→ **Raw data**
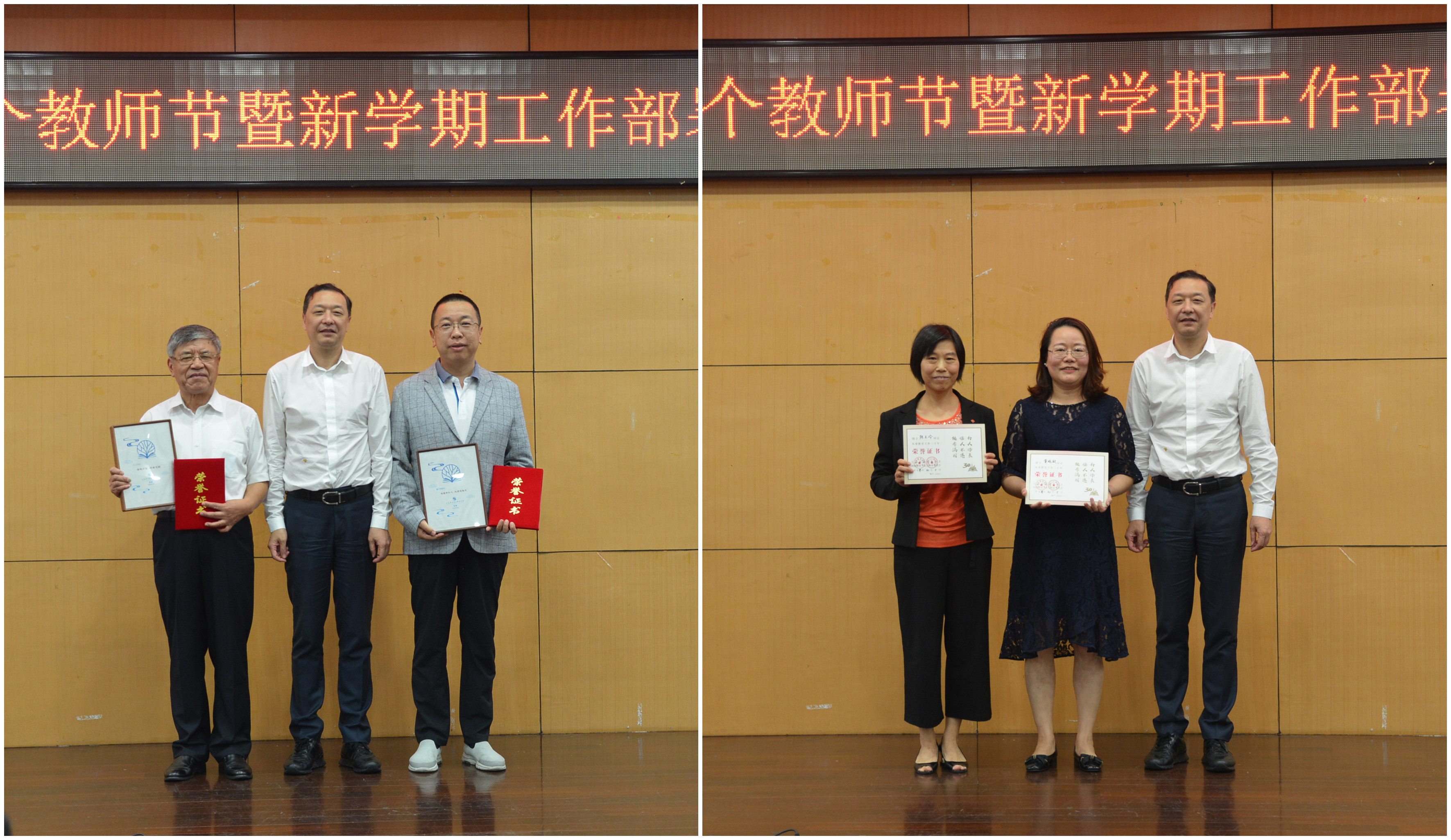 程军副院长宣读了学院2019-2020学年度集体荣誉奖项。个人颁奖环节,首先对唐晓燕、赵建农、沈斌、朱俭、张文喜、郁玉红六位获得第八届“申嘉奖教金”的教师进行了表彰。此次申嘉奖教金特设“特别贡献奖”,以表彰在任期间对学院建设和发展做出重要贡献的董大奎院长和王云飞书记。随后进行的是2019—2020学年其他各类表彰奖励仪式,副董事长杜洪斌,常务副院长韩芳,副院长高康、胡晓晖分别为获奖代表张进、刘克敏等26位教师颁奖,董事长严健军为陈玉玲、黄晓敏两位从教三十年的教师颁发荣誉证书。
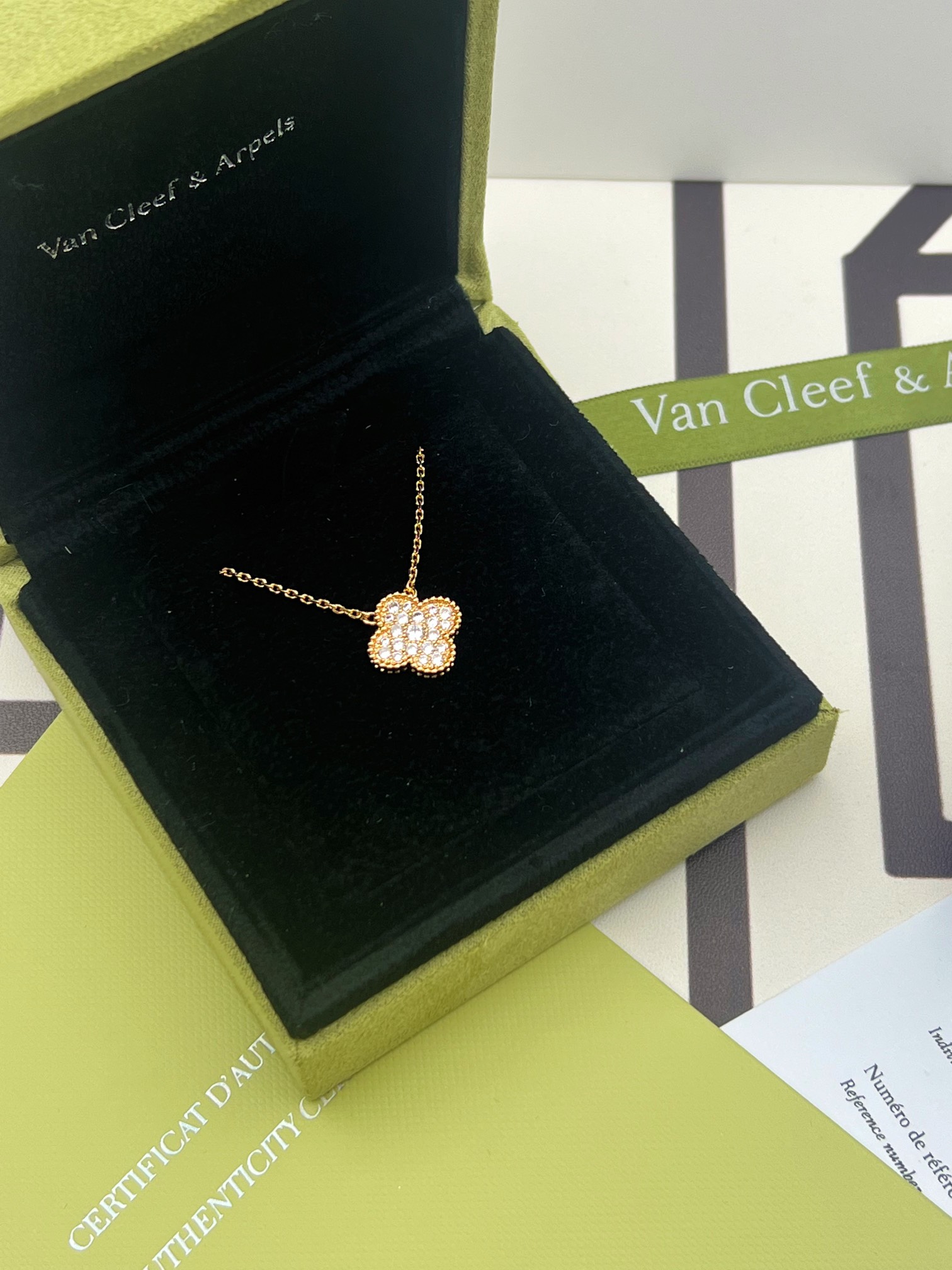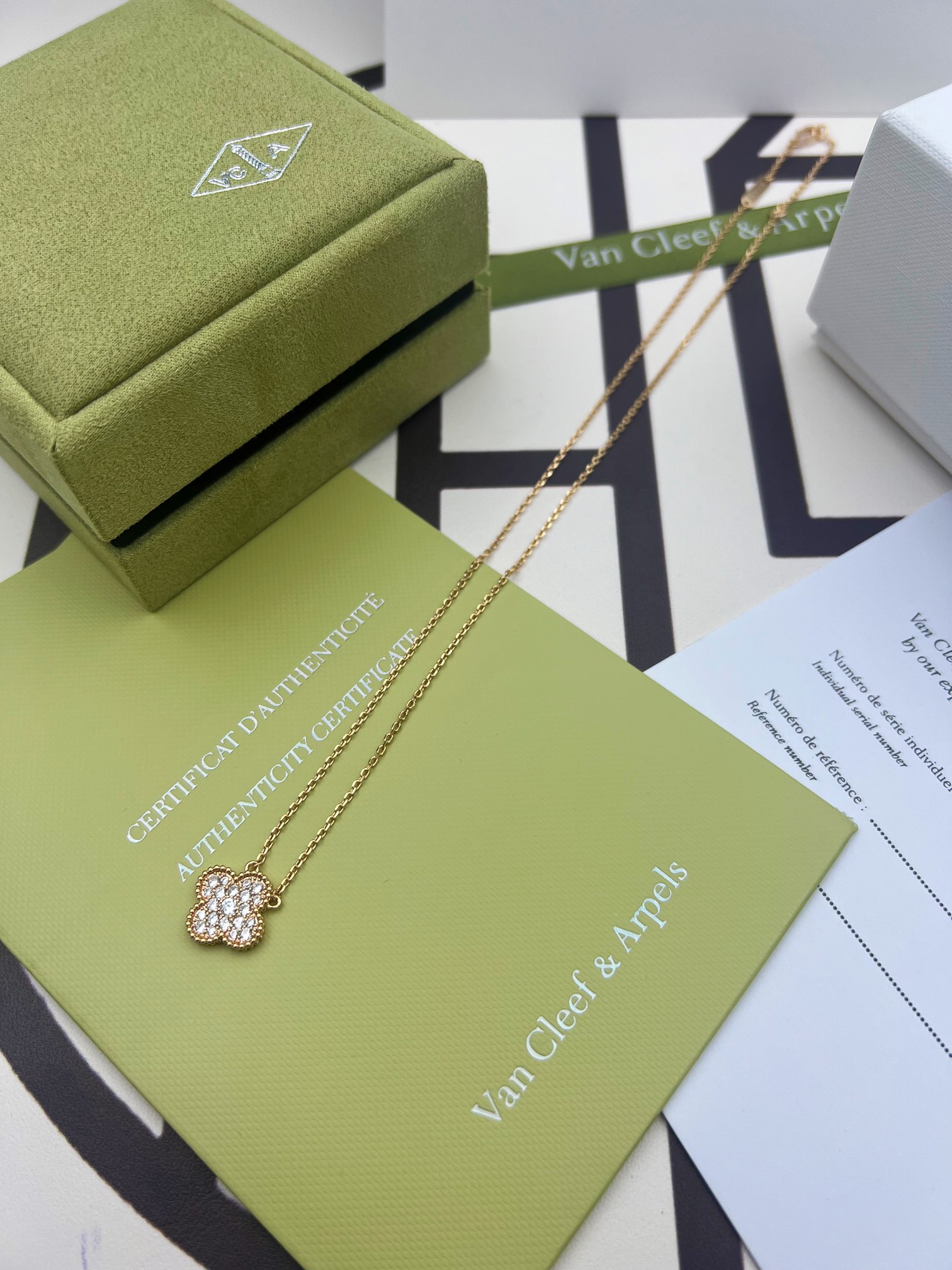 This jewelry is AAAAA 1:1 quality (superb). Materials used are identical to the original ones. Van Cleef & Arpels trademark marks are indistinguishable to the authentic. Photos take by actual jewelry, what you receive will be 100% same with our photos.
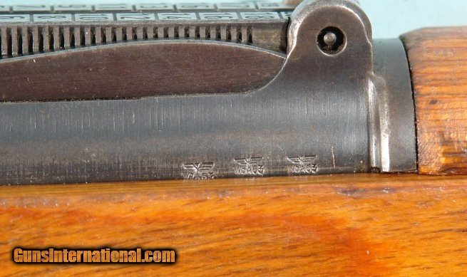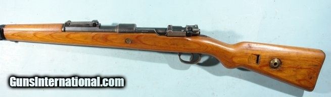 Description: WW2 GERMAN MAUSER K98K CODE 42 "1939" 8MM INFANTRY CARBINE. Serial number "94XX-a". All original. Matching serial numbers on barrel, receiver and bolt and rear sight. Non matching period laminated stock and waffenamt period buttplate as well as barrel bands(that match each other). Three Nazi Ordnance Waffenampts (EAGLE/63) on receiver and one on barrel. Excellent plus overall with most of the original blue and stock finish. Excellent working order and tight lock-up. Bore with frosty grooves in between lands. Nice looking original early date bring back with no import marks. SOLD Curio/Relic: Yes Rifle Caliber: 7.92x57mm Mauser |

→ **Task requirements**
The lines running from the beginning of the listing above through the line that holds "This jewelry is" are to be duplicated exactly, both ends kept, pictures omitted.

→ **Output of the exercise**
 程军副院长宣读了学院2019-2020学年度集体荣誉奖项。个人颁奖环节,首先对唐晓燕、赵建农、沈斌、朱俭、张文喜、郁玉红六位获得第八届“申嘉奖教金”的教师进行了表彰。此次申嘉奖教金特设“特别贡献奖”,以表彰在任期间对学院建设和发展做出重要贡献的董大奎院长和王云飞书记。随后进行的是2019—2020学年其他各类表彰奖励仪式,副董事长杜洪斌,常务副院长韩芳,副院长高康、胡晓晖分别为获奖代表张进、刘克敏等26位教师颁奖,董事长严健军为陈玉玲、黄晓敏两位从教三十年的教师颁发荣誉证书。
 This jewelry is AAAAA 1:1 quality (superb). Materials used are identical to the original ones. Van Cleef & Arpels trademark marks are indistinguishable to the authentic. Photos take by actual jewelry, what you receive will be 100% same with our photos.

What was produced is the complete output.